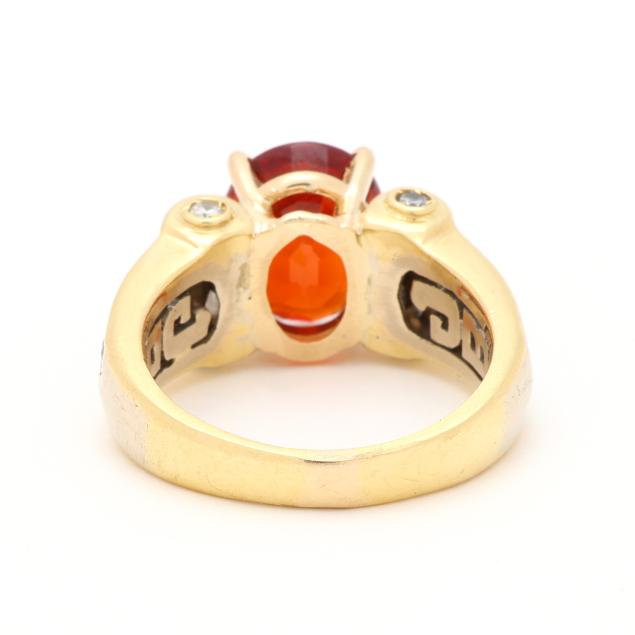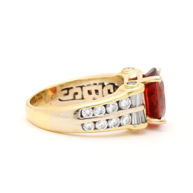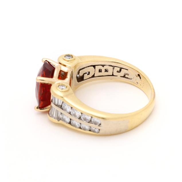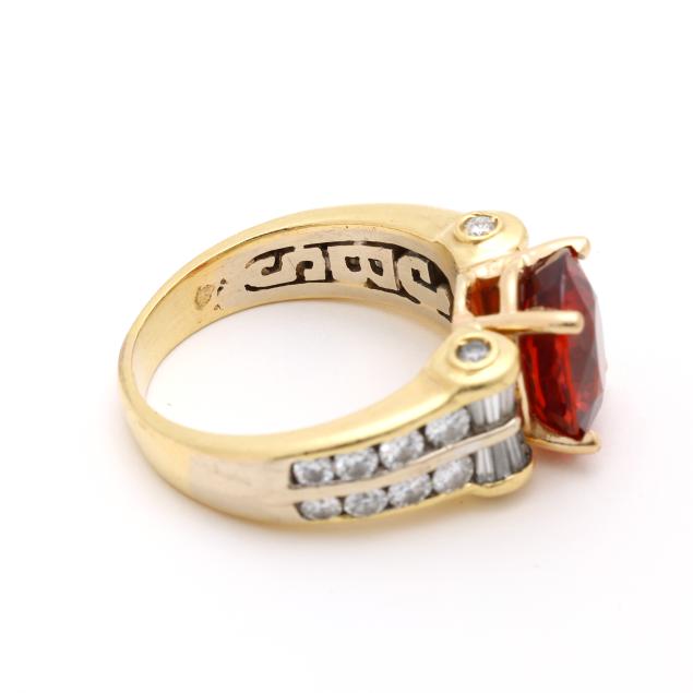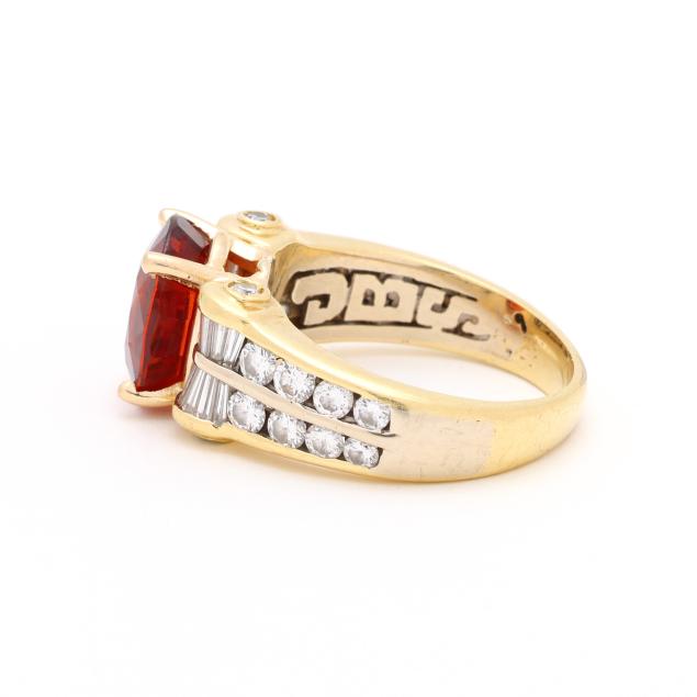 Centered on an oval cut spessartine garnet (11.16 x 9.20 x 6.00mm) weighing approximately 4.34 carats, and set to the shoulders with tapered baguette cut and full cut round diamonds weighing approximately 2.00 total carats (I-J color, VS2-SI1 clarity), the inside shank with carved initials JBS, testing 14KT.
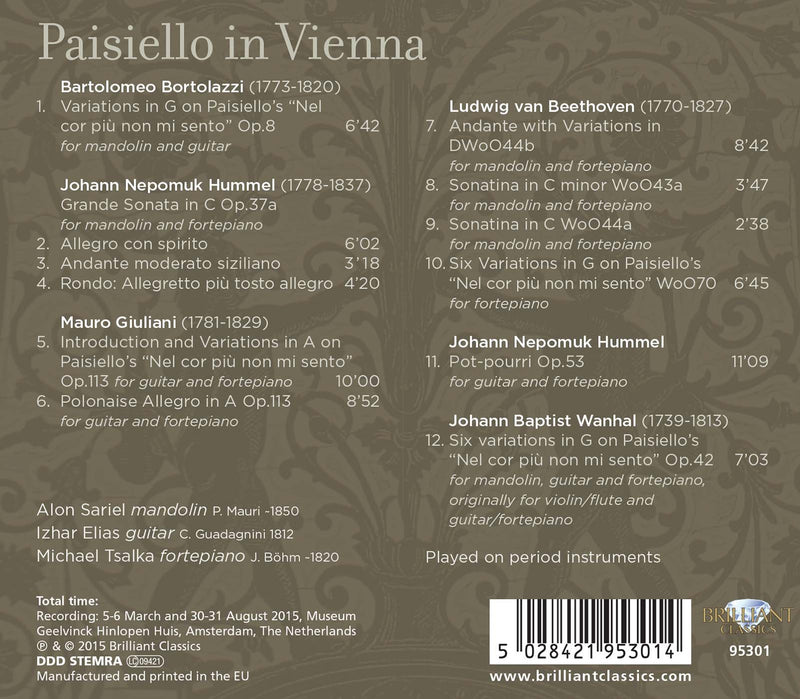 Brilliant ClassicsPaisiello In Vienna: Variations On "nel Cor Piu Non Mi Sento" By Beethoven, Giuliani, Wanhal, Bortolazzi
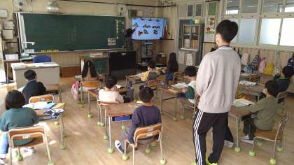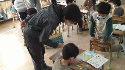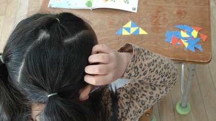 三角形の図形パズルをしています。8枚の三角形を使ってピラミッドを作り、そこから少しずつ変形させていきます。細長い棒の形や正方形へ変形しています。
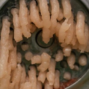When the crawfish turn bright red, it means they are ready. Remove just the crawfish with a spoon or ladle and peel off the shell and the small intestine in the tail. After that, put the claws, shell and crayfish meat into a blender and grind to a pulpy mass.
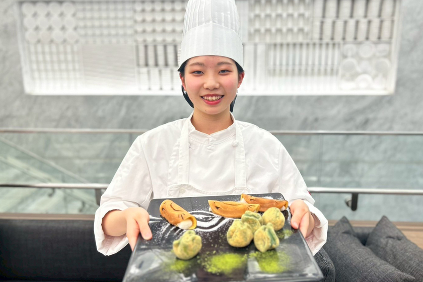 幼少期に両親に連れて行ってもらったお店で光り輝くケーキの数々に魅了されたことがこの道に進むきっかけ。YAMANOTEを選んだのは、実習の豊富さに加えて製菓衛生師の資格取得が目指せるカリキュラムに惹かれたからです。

· · ·

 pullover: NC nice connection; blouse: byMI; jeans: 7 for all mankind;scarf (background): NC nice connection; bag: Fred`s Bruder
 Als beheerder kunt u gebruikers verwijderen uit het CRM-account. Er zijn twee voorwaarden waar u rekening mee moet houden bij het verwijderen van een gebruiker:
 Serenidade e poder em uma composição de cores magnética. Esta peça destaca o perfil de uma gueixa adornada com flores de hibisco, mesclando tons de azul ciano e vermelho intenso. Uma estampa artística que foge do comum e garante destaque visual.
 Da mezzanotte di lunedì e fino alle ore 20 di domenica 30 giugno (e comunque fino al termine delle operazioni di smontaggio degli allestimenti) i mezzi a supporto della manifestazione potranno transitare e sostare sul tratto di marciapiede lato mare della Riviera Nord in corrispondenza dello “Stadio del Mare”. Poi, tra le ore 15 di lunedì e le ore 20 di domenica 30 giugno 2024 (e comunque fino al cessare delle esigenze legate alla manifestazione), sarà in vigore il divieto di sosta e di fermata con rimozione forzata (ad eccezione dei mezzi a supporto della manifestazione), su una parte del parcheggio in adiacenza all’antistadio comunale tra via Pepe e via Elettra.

· · ·

EXERCISE GOAL: Give back the exact lines above, running from the one that has "Centered on an" through the one that has "When the crawfish", with nothing added and no pictures.

TASK SOLUTION:
 Centered on an oval cut spessartine garnet (11.16 x 9.20 x 6.00mm) weighing approximately 4.34 carats, and set to the shoulders with tapered baguette cut and full cut round diamonds weighing approximately 2.00 total carats (I-J color, VS2-SI1 clarity), the inside shank with carved initials JBS, testing 14KT.
 Brilliant ClassicsPaisiello In Vienna: Variations On "nel Cor Piu Non Mi Sento" By Beethoven, Giuliani, Wanhal, Bortolazzi
 三角形の図形パズルをしています。8枚の三角形を使ってピラミッドを作り、そこから少しずつ変形させていきます。細長い棒の形や正方形へ変形しています。
When the crawfish turn bright red, it means they are ready. Remove just the crawfish with a spoon or ladle and peel off the shell and the small intestine in the tail. After that, put the claws, shell and crayfish meat into a blender and grind to a pulpy mass.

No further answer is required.